Nonostante il testosterone sia storicamente considerato un nemico della prostata, recenti evidenze cliniche e precliniche hanno ribaltato questa visione. Alcuni studi pilota hanno documentato, infatti, l'efficacia del testosterone nel migliorare i LUTS in pazienti affetti da ipogonadismo con IPB. In un piccolo studio randomizzato controllato che ha coinvolto 46 uomini affetti da ipogonadismo con IPB, il testosterone ha portato un notevole miglioramento dei LUTS.
Recentemente, in un'ampia coorte di uomini affetti da ipogonadismo, IPB e sindrome metabolica, la normalizzazione dei livelli plasmatici di testosterone dopo terapia sostitutiva, non solo si è dimostrata in grado di migliorare significativamente i parametri della sindrome metabolica, ma ha anche portato alla diminuzione della sintomatologia dei LUTS, senza alcun cambiamento significativo nella dimensione della prostata.
Un possibile effetto benefico del trattamento con testosterone sulla patologia prostatica è stato  suggerito anche da studi preclinici. In un modello animale di ipogonadismo ipogonadotropo associato a sindrome metabolica, si è dimostrato lo sviluppo di alterazioni morfo-strutturali e molecolari a livello di tutto il tratto uro-genitale ivi compresa prostata e vescica.

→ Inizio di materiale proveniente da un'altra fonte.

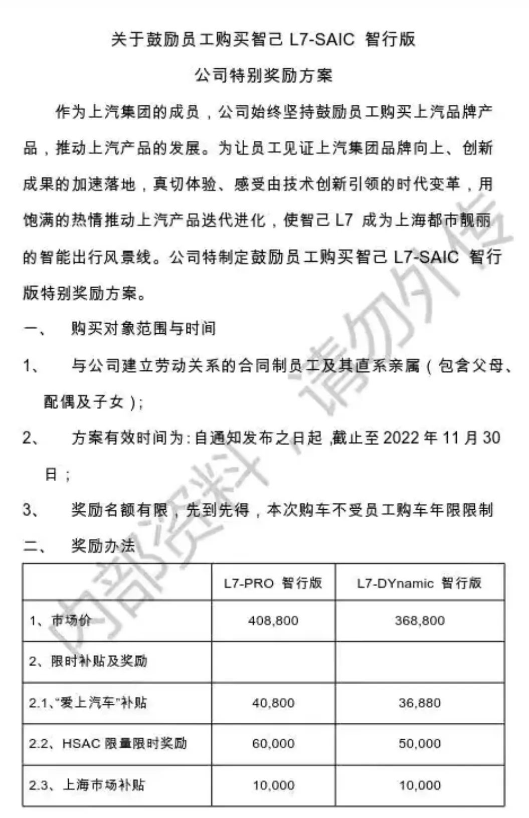 然而从一份流传在网络上的员工内购文件来看,智己L7似乎还很难称得上是“网红”。

In particolare, a livello prostatico la sindrome metabolica induce una marcata infiammazione intraprostatica associata ad ipossia (diminuzione dell’ossigeno), e rimodellamento tissutale, componenti chiave nello sviluppo e nella progressione dell' IPB. E' interessante notare come il trattamento sostitutivo con testosterone in questi animali affetti da sindrome metabolica e ipogonadismo impedisse completamente lo sviluppo di queste alterazioni prostatiche. Un analogo effetto benefico del testosterone è stato osservato anche a livello della vescica.
Un recente studio retrospettivo su una piccola casistica di pazienti affetti da IPB e sottoposti a prostatectomia radicale, ha evidenziato che l'ipogonadismo era associato ad un rischio cinque volte maggiore di una severa infiammazione intraprostatica. Anche studi in vitro hanno dimostrato che gli androgeni  svolgono un potente ruolo anti-infiammatorio sulle cellule umane prostatiche.  

Pertanto, il trattamento con testosterone dovrebbe essere considerato più un amico che un nemico della prostata. Infatti, recenti studi epidemiologici ed istopatologici hanno evidenziato che l'infiammazione cronica intraprostatica è il "primum movens" da cui origina lo stimolo proliferativo  per le cellule stromali ed epiteliali prostatiche, ed il rimaneggiamento tissutale tipico dell'IPB.

In linea con queste evidenze, un recente survey di più di 1.300 pazienti affetti da ipogonadismo in terapia sostitutiva con testosterone,  ha dimostrato che l' incidenza di cancro alla prostata durante la terapia a lungo termine era equivalente a quella attesa nella popolazione generale.  Questo studio suggerisce  che un trattamento a base di testosterone, proprio in virtù del monitoraggio regolare della prostata, permette una diagnosi precoce di cancro della prostata e può essere, pertanto,  più sicuro per l'individuo di ogni altra alternativa senza sorveglianza clinica.